Supplied entries

*** Block opens ***

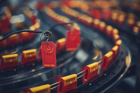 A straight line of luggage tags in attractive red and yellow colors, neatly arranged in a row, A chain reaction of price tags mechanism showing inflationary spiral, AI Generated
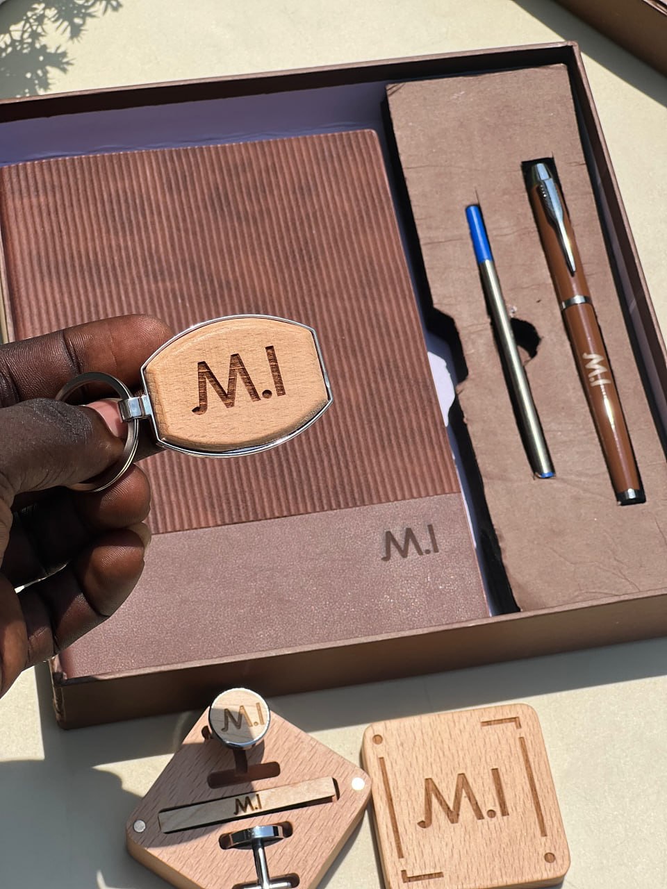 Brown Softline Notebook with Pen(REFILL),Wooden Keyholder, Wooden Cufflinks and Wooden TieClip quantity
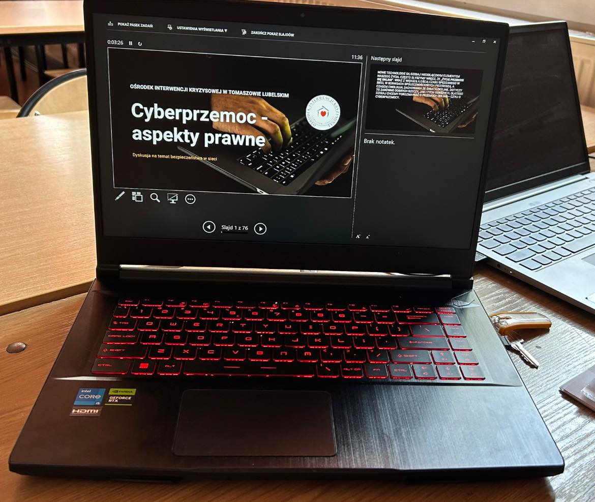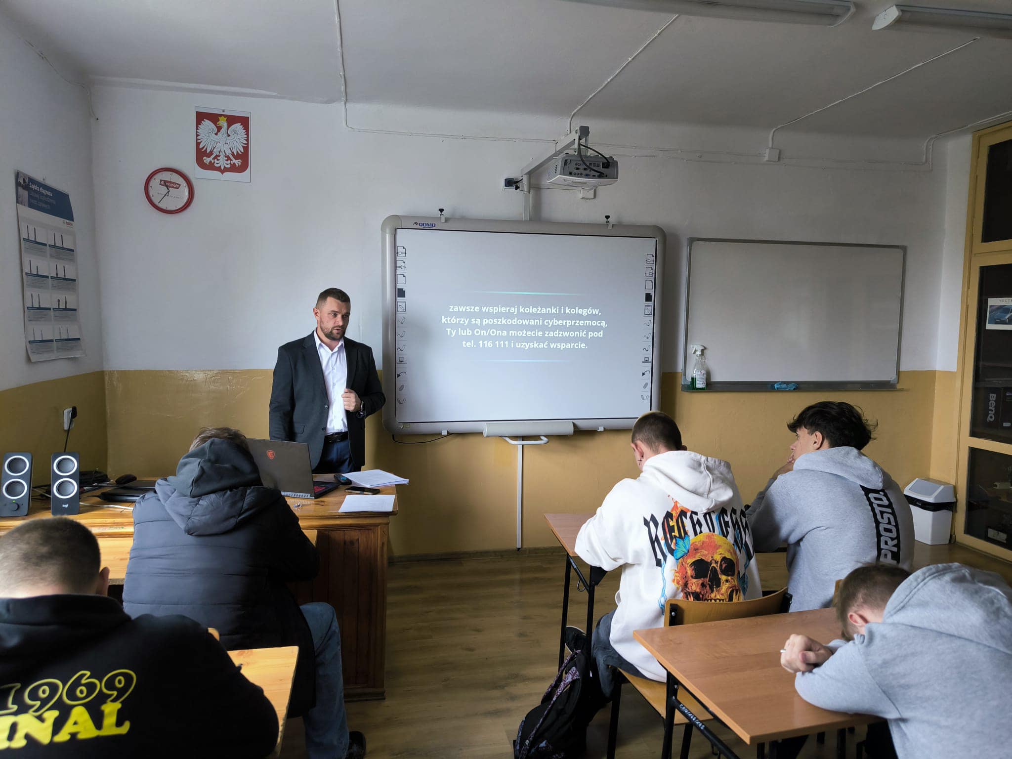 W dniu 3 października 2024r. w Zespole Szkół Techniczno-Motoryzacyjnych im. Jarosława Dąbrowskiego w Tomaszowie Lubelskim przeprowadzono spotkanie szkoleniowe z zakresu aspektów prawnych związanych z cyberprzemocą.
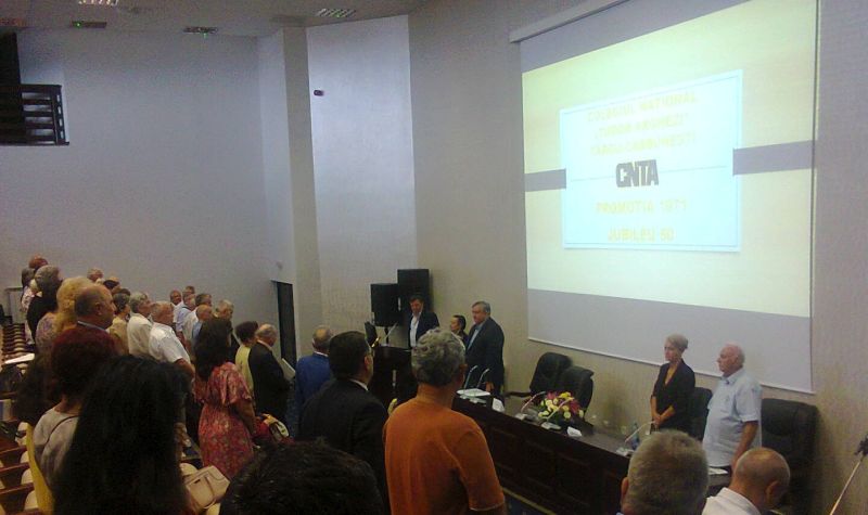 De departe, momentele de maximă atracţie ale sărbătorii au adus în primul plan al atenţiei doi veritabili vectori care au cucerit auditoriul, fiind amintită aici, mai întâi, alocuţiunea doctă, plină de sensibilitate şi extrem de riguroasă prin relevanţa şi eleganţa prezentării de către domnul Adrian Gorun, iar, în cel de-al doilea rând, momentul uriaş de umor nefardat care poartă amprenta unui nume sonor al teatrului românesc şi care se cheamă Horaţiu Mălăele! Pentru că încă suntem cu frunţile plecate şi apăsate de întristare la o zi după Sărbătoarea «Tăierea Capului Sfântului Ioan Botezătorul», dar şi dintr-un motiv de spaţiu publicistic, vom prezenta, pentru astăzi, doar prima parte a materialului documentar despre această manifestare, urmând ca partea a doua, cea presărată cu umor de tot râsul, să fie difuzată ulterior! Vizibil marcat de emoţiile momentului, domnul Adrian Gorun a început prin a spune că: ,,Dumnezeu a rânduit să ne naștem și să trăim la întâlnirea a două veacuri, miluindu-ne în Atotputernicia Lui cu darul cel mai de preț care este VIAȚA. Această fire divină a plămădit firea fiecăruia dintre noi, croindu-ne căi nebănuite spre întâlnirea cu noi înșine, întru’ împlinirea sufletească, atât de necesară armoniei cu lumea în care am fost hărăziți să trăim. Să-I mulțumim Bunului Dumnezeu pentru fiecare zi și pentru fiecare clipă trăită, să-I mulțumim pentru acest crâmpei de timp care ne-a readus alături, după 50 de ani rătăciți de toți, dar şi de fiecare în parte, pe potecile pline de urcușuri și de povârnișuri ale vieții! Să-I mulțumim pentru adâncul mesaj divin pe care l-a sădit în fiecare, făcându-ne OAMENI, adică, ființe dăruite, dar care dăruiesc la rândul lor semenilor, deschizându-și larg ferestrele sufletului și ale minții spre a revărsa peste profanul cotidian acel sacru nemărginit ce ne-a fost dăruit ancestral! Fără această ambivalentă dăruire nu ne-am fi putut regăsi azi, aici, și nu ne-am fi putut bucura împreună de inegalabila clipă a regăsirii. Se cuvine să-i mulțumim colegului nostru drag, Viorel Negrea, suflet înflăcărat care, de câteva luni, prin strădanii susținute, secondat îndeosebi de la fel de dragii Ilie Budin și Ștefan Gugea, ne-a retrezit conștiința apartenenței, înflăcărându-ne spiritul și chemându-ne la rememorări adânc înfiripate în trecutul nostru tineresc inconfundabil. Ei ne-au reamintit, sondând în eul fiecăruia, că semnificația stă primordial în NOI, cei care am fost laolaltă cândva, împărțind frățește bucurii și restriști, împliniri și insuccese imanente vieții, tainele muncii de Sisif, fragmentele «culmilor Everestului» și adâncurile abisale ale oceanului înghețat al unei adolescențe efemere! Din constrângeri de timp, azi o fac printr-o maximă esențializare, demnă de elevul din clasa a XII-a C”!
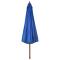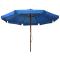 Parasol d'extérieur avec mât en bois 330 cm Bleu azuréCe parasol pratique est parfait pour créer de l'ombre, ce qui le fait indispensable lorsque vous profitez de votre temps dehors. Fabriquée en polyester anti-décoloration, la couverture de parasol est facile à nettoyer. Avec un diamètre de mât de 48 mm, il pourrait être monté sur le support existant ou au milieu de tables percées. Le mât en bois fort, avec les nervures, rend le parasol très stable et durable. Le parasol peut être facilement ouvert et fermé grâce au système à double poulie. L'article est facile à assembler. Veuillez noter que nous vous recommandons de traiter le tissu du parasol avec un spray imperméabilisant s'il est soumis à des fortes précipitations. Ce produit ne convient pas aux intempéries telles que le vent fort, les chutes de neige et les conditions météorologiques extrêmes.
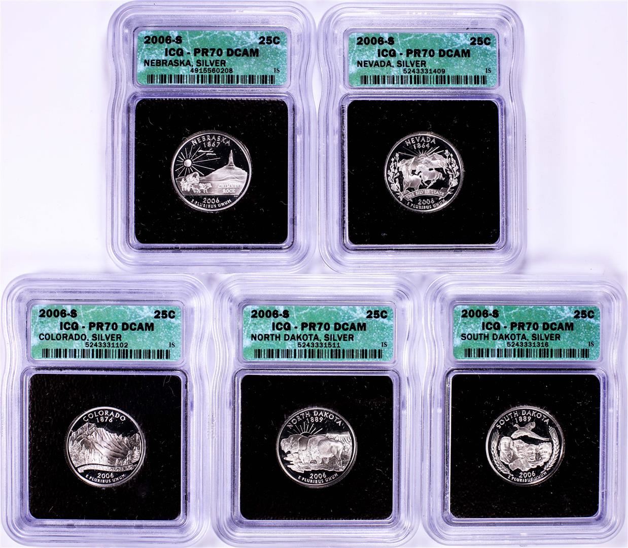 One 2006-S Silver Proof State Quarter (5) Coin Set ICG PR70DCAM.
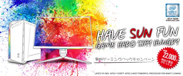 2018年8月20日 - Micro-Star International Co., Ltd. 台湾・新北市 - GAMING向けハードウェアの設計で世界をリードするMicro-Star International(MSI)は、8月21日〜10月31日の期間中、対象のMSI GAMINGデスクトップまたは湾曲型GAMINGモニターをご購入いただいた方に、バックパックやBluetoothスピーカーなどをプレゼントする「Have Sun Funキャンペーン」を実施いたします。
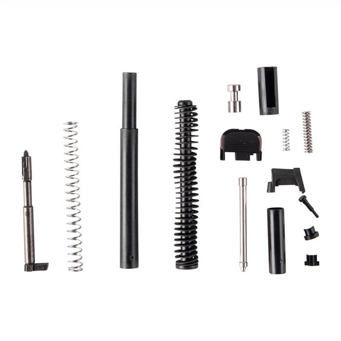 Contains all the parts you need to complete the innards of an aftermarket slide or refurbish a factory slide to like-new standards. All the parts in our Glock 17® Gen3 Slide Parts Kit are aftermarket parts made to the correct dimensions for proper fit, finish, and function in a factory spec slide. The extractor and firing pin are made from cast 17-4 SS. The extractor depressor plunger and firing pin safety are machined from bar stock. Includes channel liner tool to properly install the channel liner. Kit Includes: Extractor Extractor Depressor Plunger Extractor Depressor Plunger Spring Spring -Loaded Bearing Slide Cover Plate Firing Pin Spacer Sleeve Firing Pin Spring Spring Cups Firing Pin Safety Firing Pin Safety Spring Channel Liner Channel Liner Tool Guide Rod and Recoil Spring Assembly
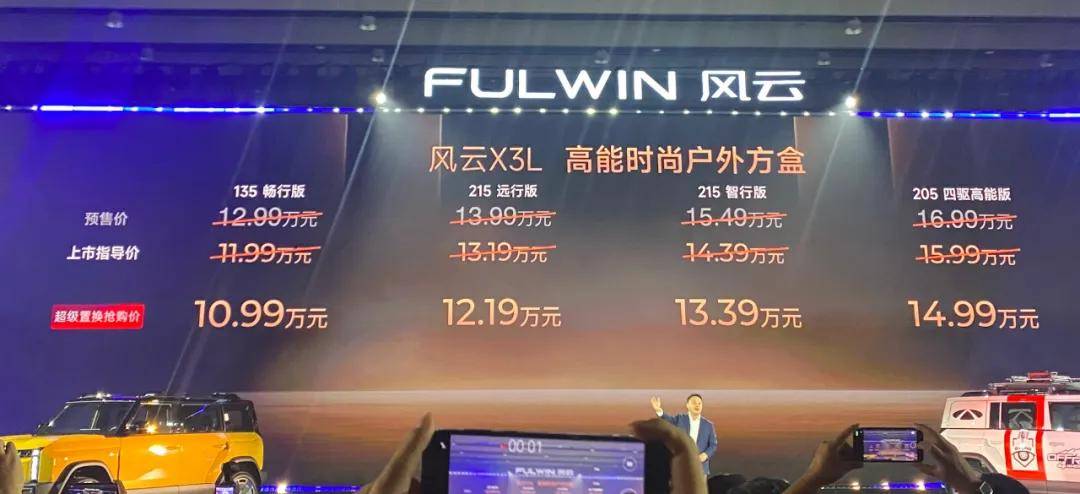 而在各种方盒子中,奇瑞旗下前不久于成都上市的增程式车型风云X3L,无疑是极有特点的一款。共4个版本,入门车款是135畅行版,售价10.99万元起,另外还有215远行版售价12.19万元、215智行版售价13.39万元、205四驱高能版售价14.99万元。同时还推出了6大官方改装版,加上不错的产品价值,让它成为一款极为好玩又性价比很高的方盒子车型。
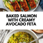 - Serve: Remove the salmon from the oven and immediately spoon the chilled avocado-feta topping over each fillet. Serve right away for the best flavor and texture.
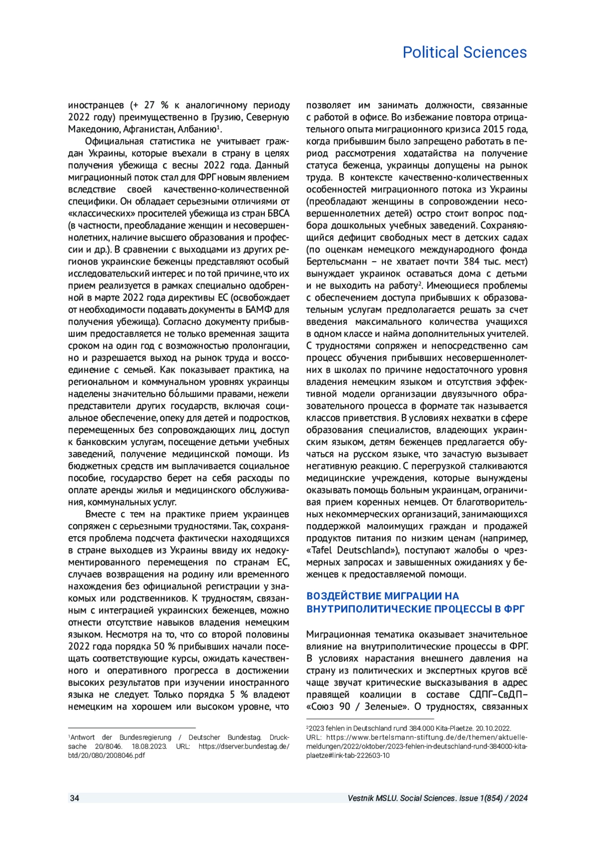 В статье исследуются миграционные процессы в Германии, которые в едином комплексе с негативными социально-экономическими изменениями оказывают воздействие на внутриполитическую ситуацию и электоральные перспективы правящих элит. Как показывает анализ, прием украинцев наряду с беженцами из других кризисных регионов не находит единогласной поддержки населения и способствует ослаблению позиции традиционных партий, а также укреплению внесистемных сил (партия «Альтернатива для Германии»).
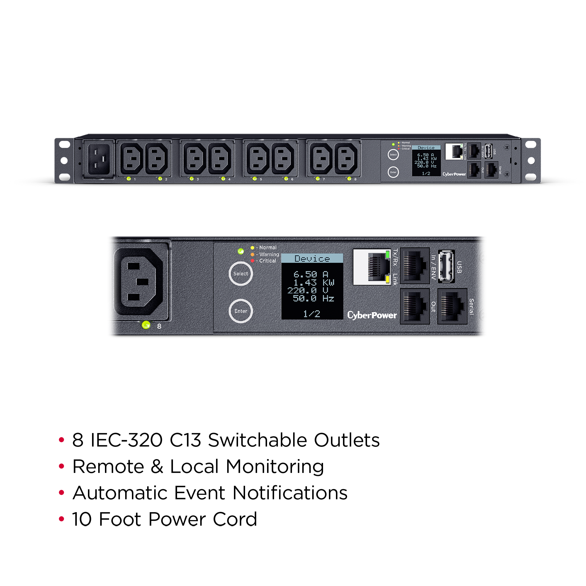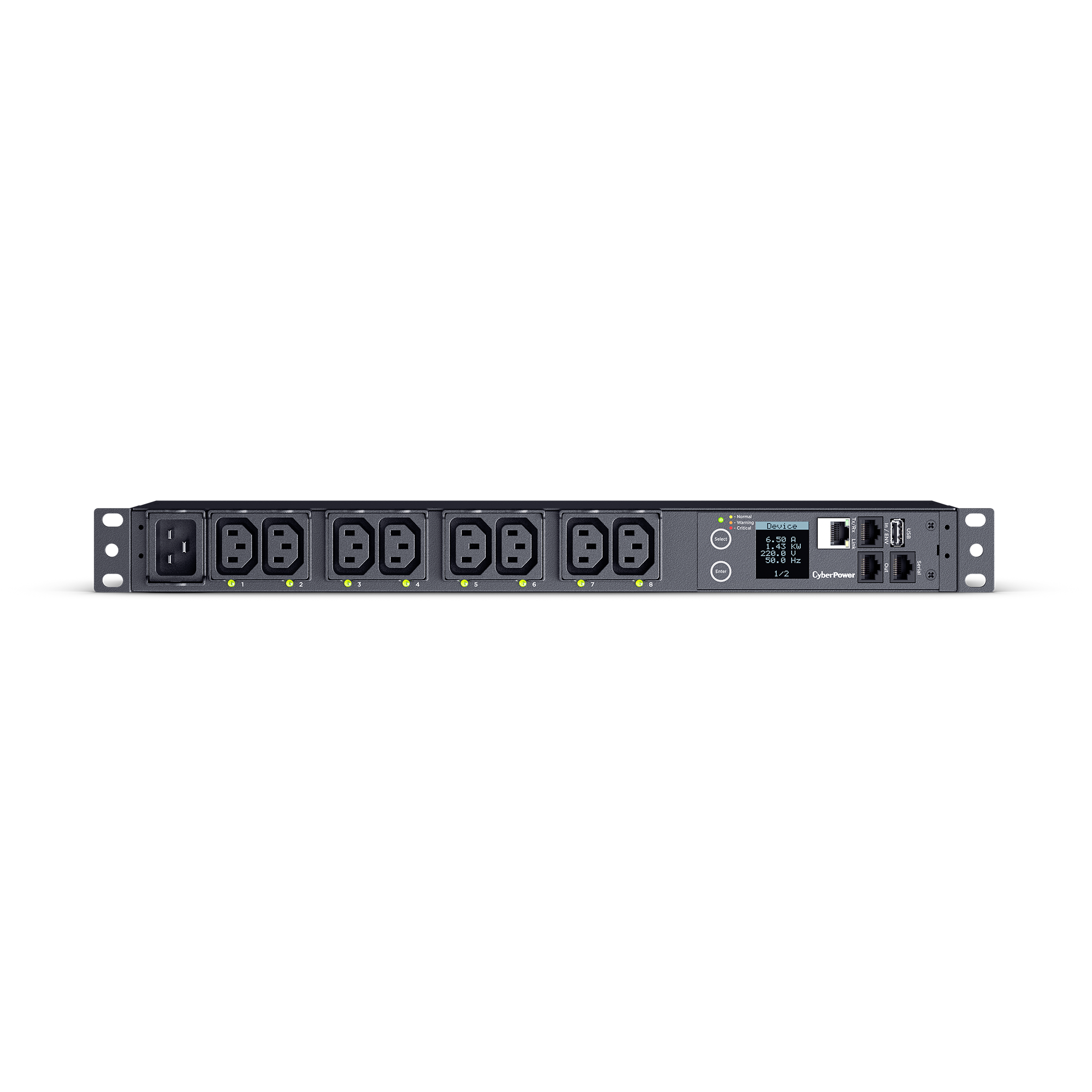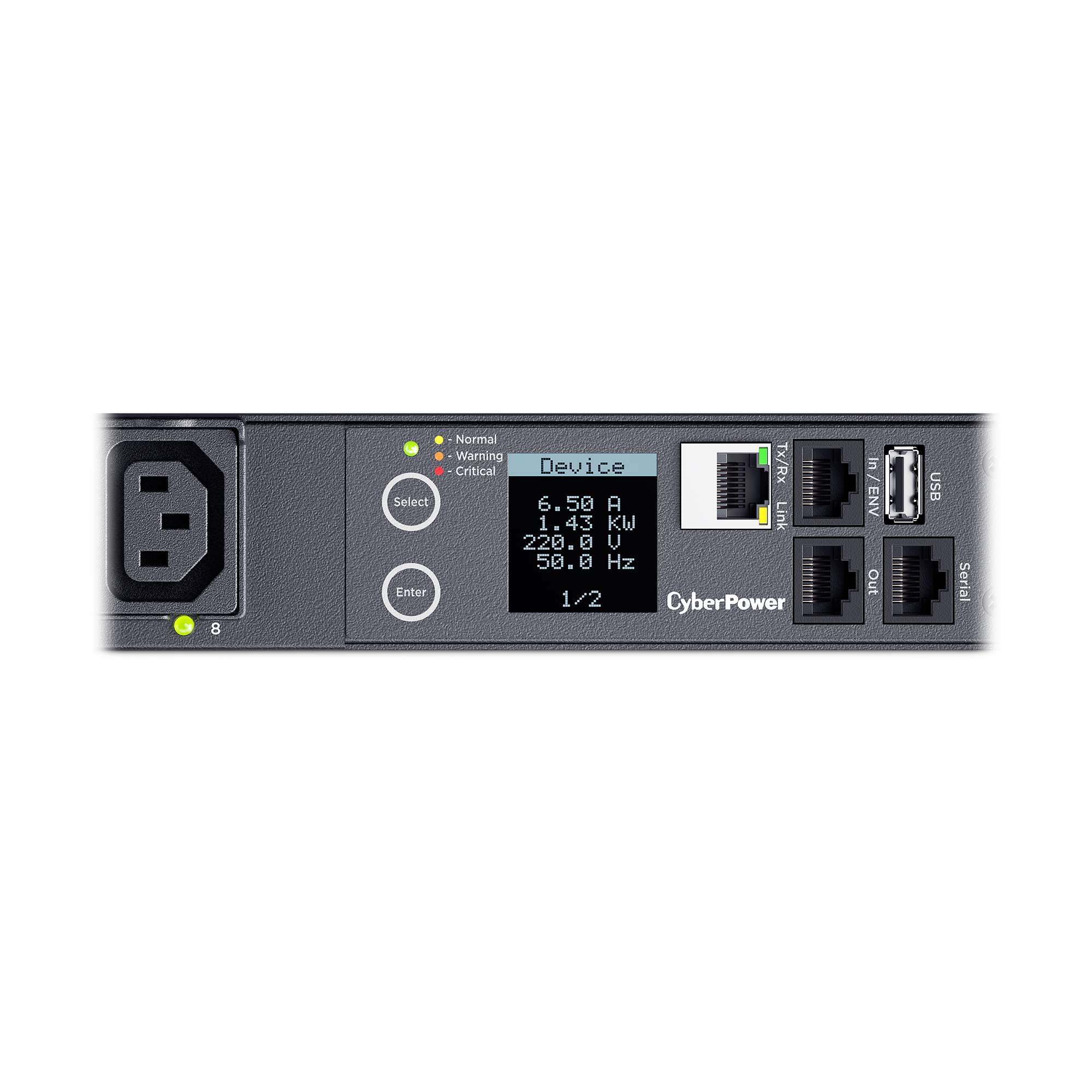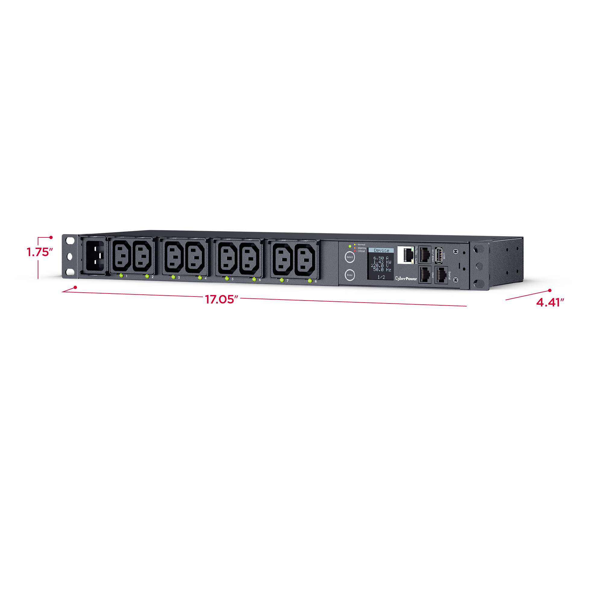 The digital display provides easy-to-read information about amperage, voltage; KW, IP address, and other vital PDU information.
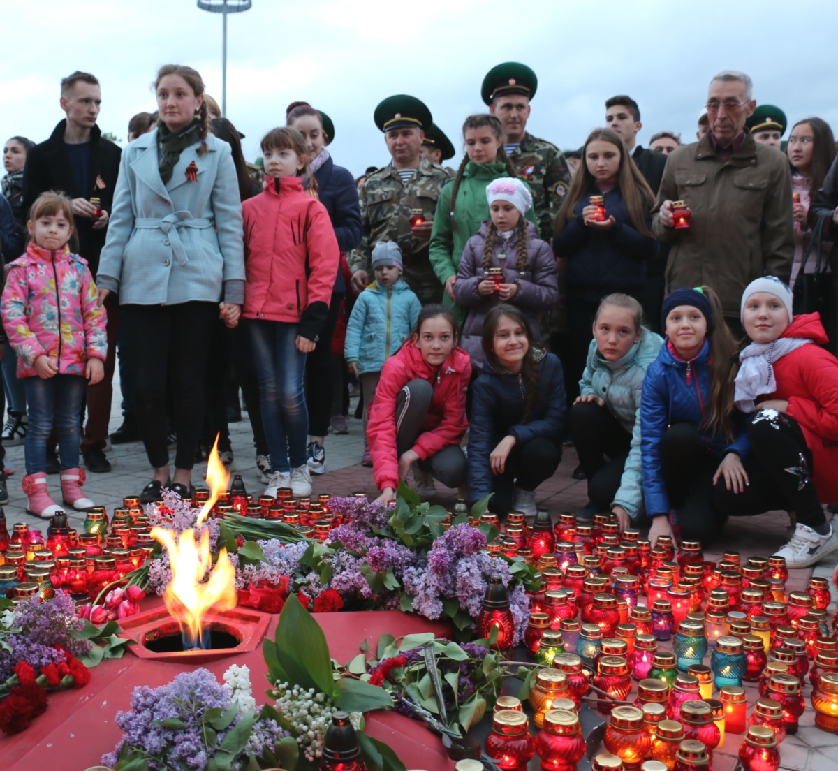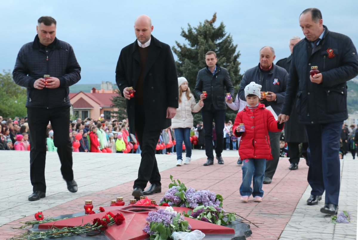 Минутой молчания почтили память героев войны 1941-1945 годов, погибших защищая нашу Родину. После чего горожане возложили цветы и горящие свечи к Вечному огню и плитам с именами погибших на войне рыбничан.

*** Block closes ***

Exercise prompt
Each line from the start of the entries to the line holding "W dniu 3 października" is to be given again exactly, both ends included, and each picture is to be left out.

Written response
 A straight line of luggage tags in attractive red and yellow colors, neatly arranged in a row, A chain reaction of price tags mechanism showing inflationary spiral, AI Generated
 Brown Softline Notebook with Pen(REFILL),Wooden Keyholder, Wooden Cufflinks and Wooden TieClip quantity
 W dniu 3 października 2024r. w Zespole Szkół Techniczno-Motoryzacyjnych im. Jarosława Dąbrowskiego w Tomaszowie Lubelskim przeprowadzono spotkanie szkoleniowe z zakresu aspektów prawnych związanych z cyberprzemocą.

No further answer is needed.